Enabling CDC requires pretty much the same settings as replication, so if you already have replication enabled, then there should be no further performance penalty. However the CDC source is an extra replication client, so if you already have replication you might consider connecting the CDC source to your replica, instead of the main database.
Another reason why using a replica for CDC might be useful, is that for large databases the snapshot taken by the CDC source when it first starts can take a significant amount of time and will put heavy load on the database during that period. This might affect the performance of other transactions.
Using Global Transaction IDs
When using a replica for the CDC source and in general when the MySQL server cluster has multiple member it's a good idea to give yourself the option of connecting the CDC source to any one of the members. The source does track the transaction ids in the binlog and can connect to the binlog of another MySQL server on restart, but in order for the ids to match between servers Global Transaction Identifiers (GTIDs) must be enabled in them.
This can be achieved by setting both of the gtid_mode (5.0, 8.0) and enforce_gtid_consistency (5.0, 8.0) options to "ON".
On how to work with the MySQL config file consult the Reference Manual (5.7, 8.0).
PostgreSQL
Primary-only replication
As we've mentioned in the PostgreSQL database setup section the connector uses logical decoding replication slots. All PostgreSQL versions (up to 12) only support logical replication slots on primary servers.
This means that it's not possible to limit the performance impact of running change data capture on replicas. This weakness is somewhat offset by the fact that the logical replication process seems quite limited as far as the amount of resources it can acquire. When measuring its output it behaves quite like a single threaded process, which can't saturate neither CPU nor the network.

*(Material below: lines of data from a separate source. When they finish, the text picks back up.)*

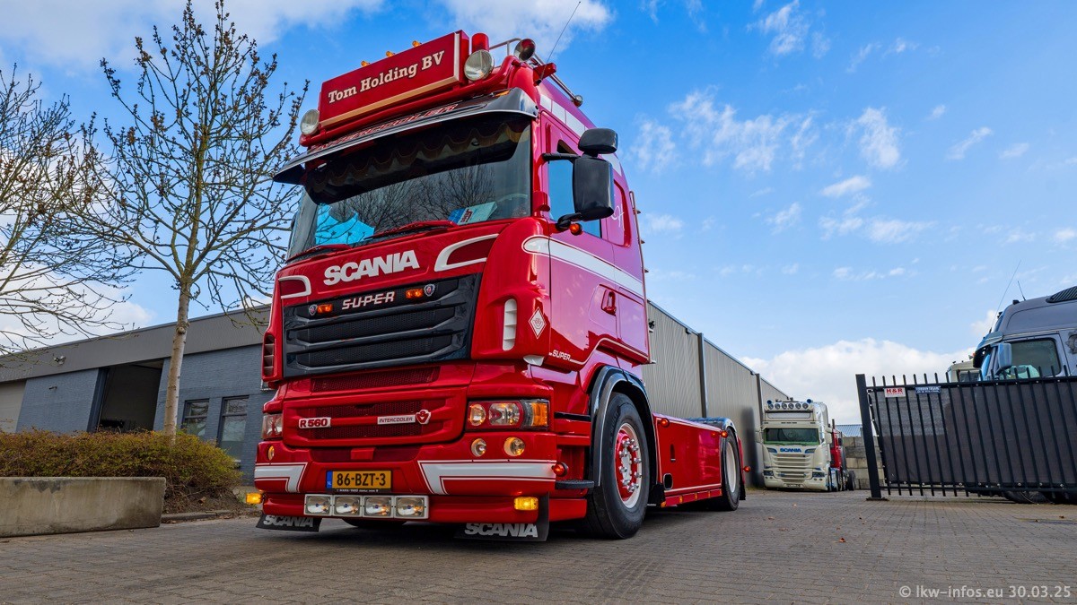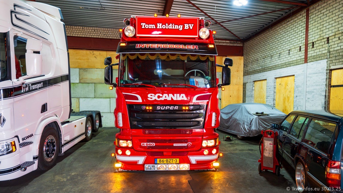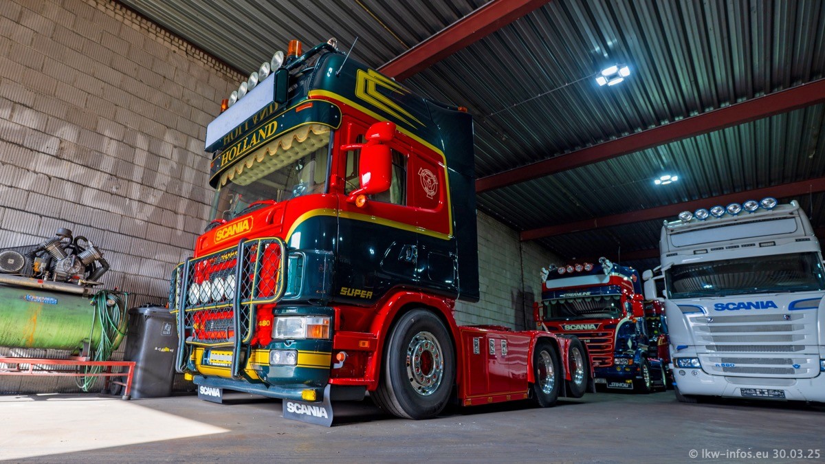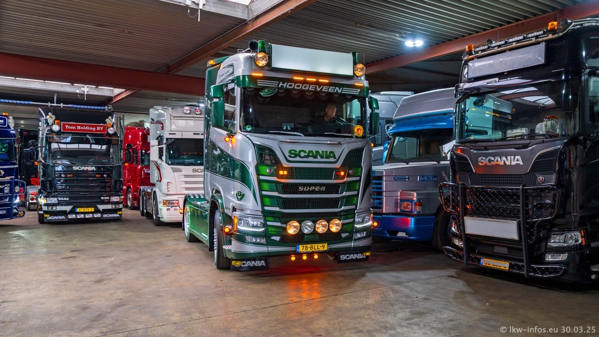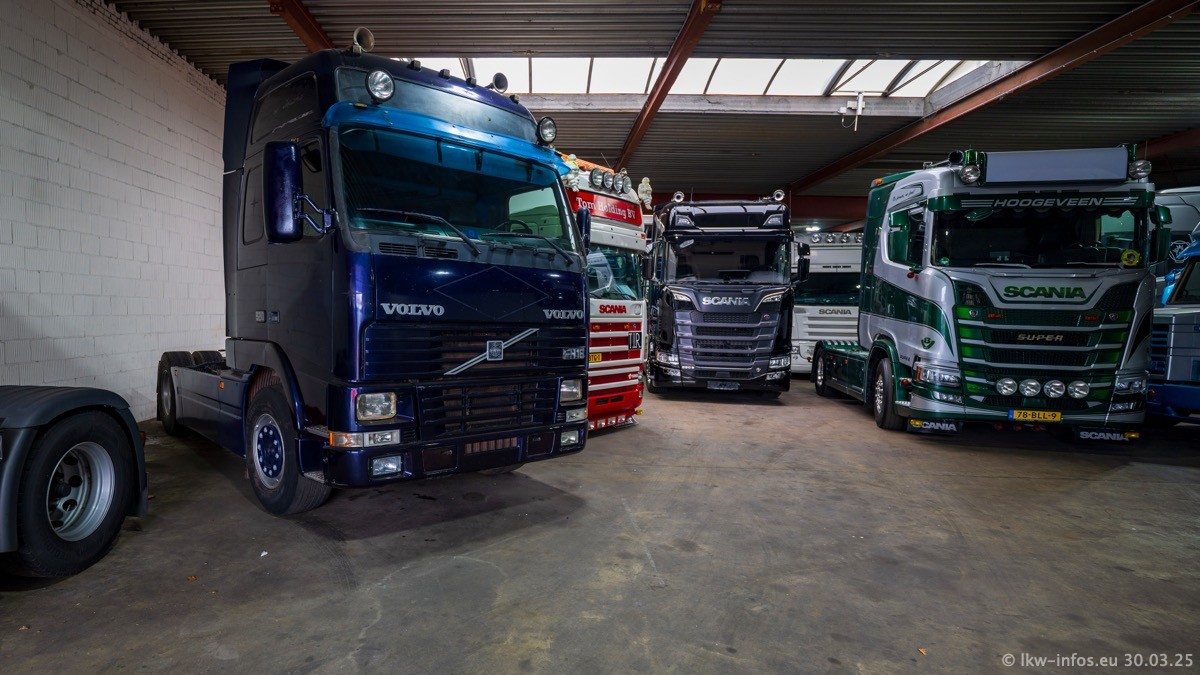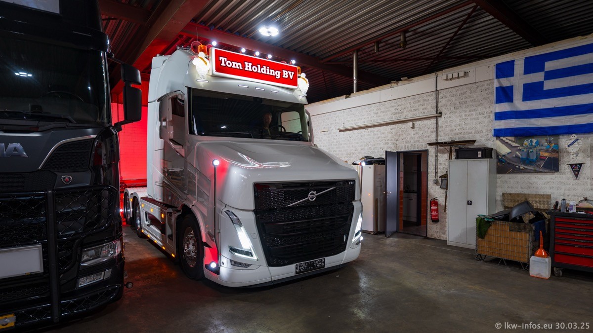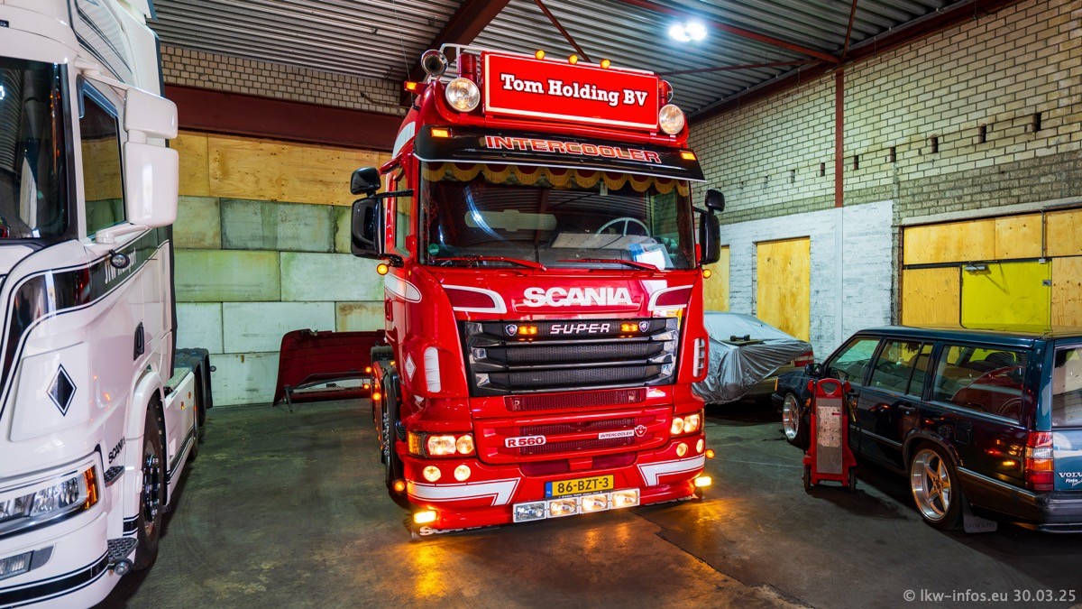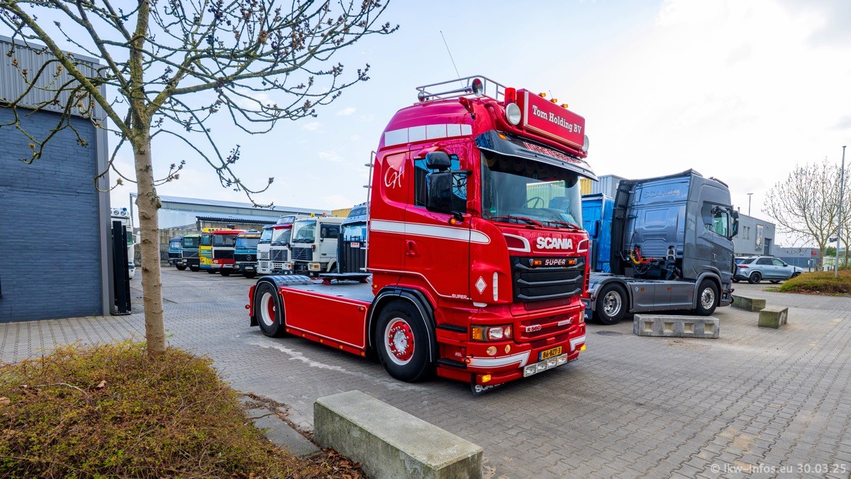 Inzwischen gibt es bei Tom Holding noch mehr Fahrzeuge als bisher, darunter auch einige neue. Der VOLVO VT 5 460 (die Nr. 15 von Vlastuin) ist neu und war eigentlich für einen Kunden in Dänemark gedacht, der das Fahrzeug aber nicht gekauft hat. Die beiden roten SCANIA 141 V8 und R 560 V8 kommen von einer bekannten deutschen Firnma und es gibt aktuell einge SCANIA V8 Showtrucks, die zum Verkauf stehen. Darunter auch wieder ein Fahrzeug von Lansdaal. Diesmal haben wir ein reines Fotoshooting gemacht da es aktuell so viele Fahrzeuge gibt. Videos und Film gibt es dann beim nächsten Besuch wieder.
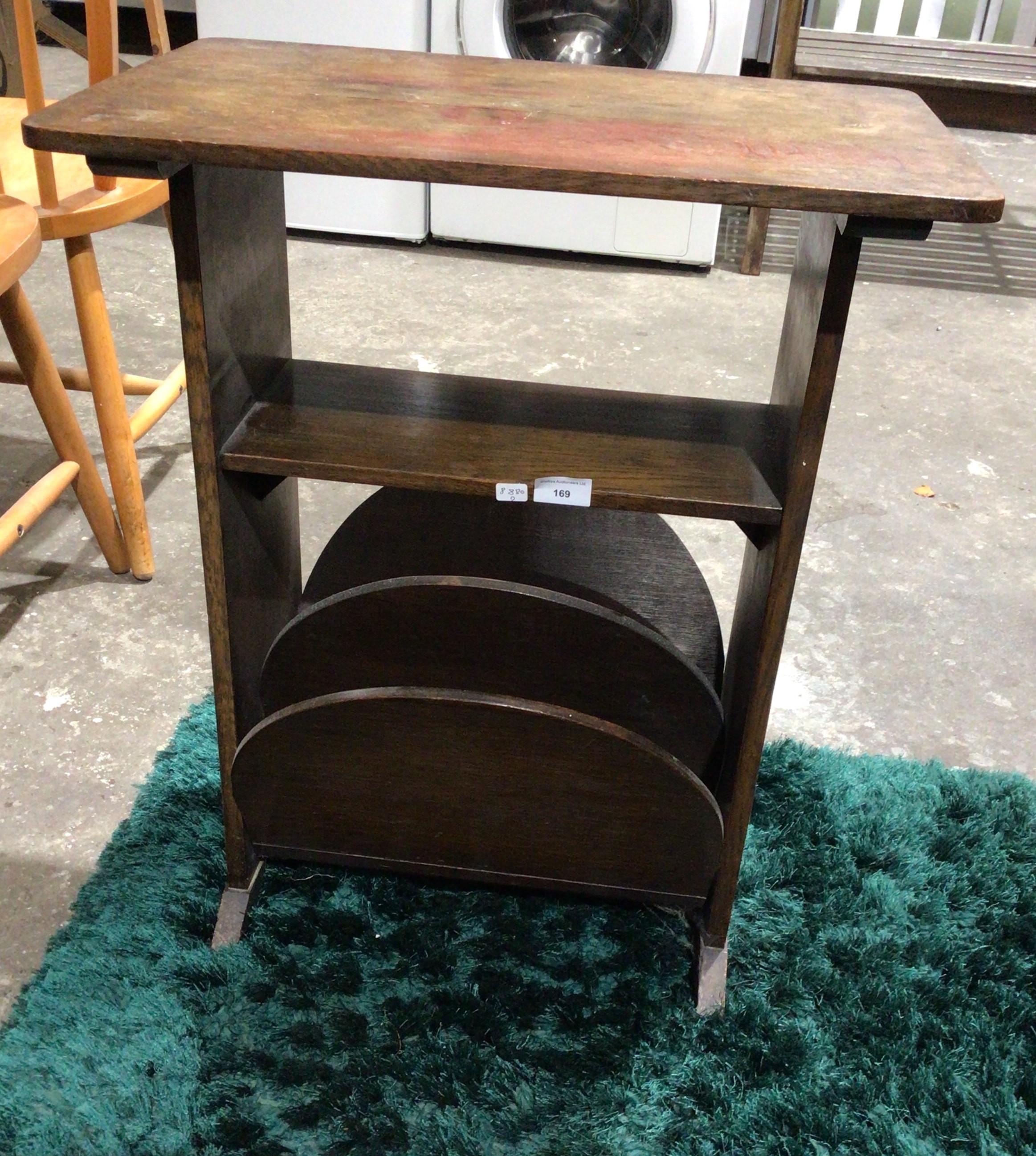 An Arts and Crafts style dark-stained oak side table, designed with functional storage. It features a rectangular top surface, an open shelf, and two tiered, curved compartments suitable for magazines or records. The construction is simple and robust, characterized by rectilinear forms. Visible markings include two white auction stickers on the open shelf: one marked ‘169’ with smaller numbers ‘8380 G’ above it, and another larger sticker reading ‘Bradleys Auctioneers Ltd’ (English) and ‘169’.
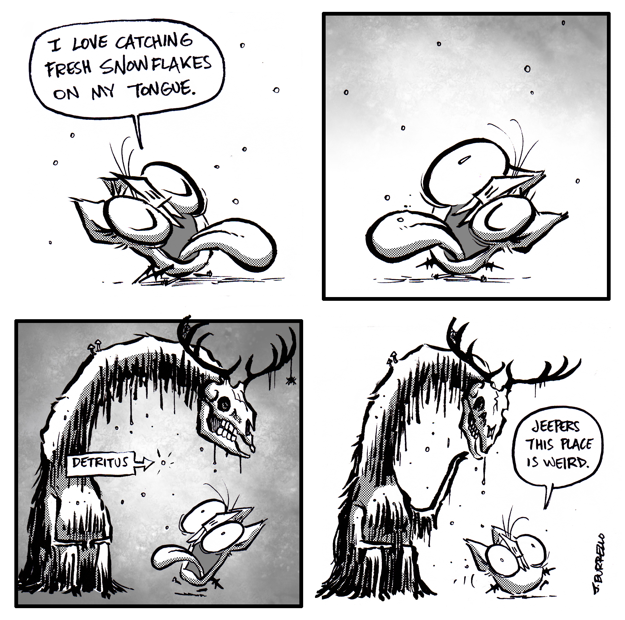 The earthy critter in this comic is actually an emissary for Melsie‘s cover of The Holly and the Ivy (which you can listen to on Bandcamp). It’s a witchy cover of the medeival holiday classic. I was privileged enough to design the image that accompanies the song
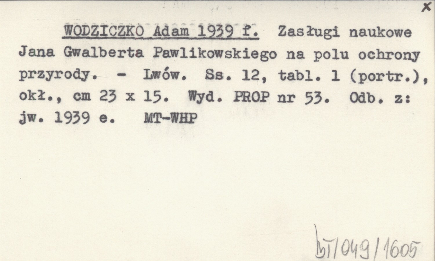 WODZICZKO Adam 1939 f Zasługi naukowe Jana Gwalberta Pawlikowskiego na polu ochrony przyrody.

In our tests we didn't manage to make it output much more than 20,000 records/second, so on a powerful server running the database it shouldn't affect normal operations too severely.
Failure tolerance
PostgreSQL failure tolerance associated with replication slots is somewhat lacking in certain aspects. The CDC connector can quite nicely deal with its own restart or connection loss to the primary database, but only as long as replication slots remain intact. Replication slots are not themselves synced to physical replicas, so you can’t continue to use a slot after a master failure results in promotion of a standby.
There are discussions in the PostgreSQL community around a feature called failover slots which would help mitigate this problem, but as of version 12 they have not been implemented yet.